• [ENTRIES SUPPLIED]
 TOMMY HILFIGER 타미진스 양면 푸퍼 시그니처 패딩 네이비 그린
--
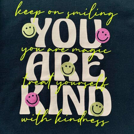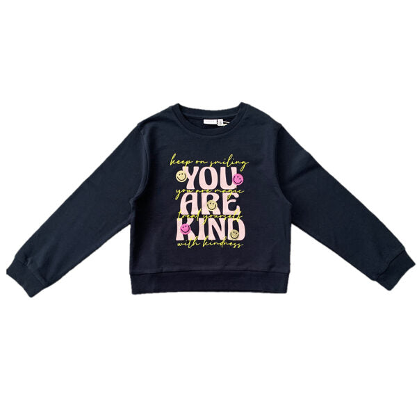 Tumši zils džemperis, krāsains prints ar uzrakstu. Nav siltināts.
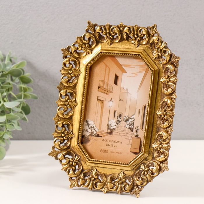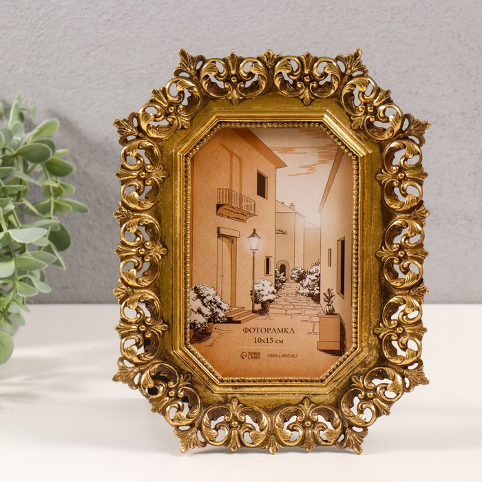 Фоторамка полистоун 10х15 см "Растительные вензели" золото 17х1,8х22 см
---
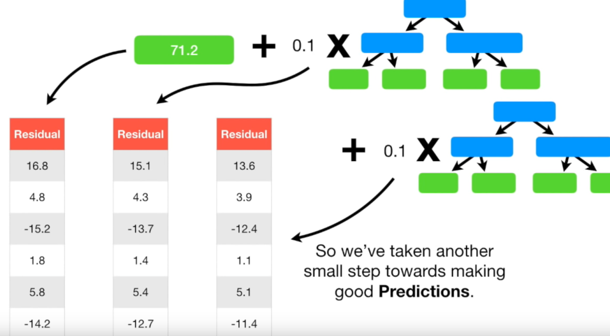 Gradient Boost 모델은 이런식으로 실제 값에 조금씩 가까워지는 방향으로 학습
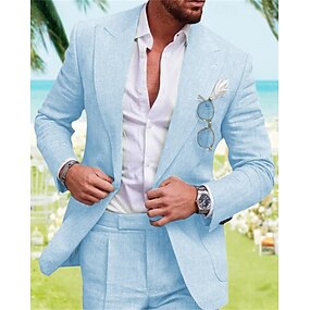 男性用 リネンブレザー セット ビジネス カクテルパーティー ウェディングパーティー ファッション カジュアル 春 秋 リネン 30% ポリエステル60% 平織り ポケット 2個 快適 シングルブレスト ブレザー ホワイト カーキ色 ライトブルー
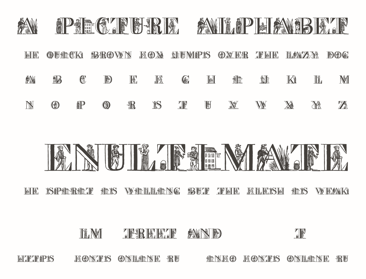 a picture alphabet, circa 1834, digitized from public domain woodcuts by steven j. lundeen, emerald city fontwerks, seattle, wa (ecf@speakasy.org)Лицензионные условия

• [TO DO] Take the material above from the line bearing "Gradient Boost 모델은" through the line bearing "男性用 リネンブレザー セット" and write it out exactly, both end lines included. Pictures stay out.

• [EXERCISE RESULT]
 Gradient Boost 모델은 이런식으로 실제 값에 조금씩 가까워지는 방향으로 학습
 男性用 リネンブレザー セット ビジネス カクテルパーティー ウェディングパーティー ファッション カジュアル 春 秋 リネン 30% ポリエステル60% 平織り ポケット 2個 快適 シングルブレスト ブレザー ホワイト カーキ色 ライトブルー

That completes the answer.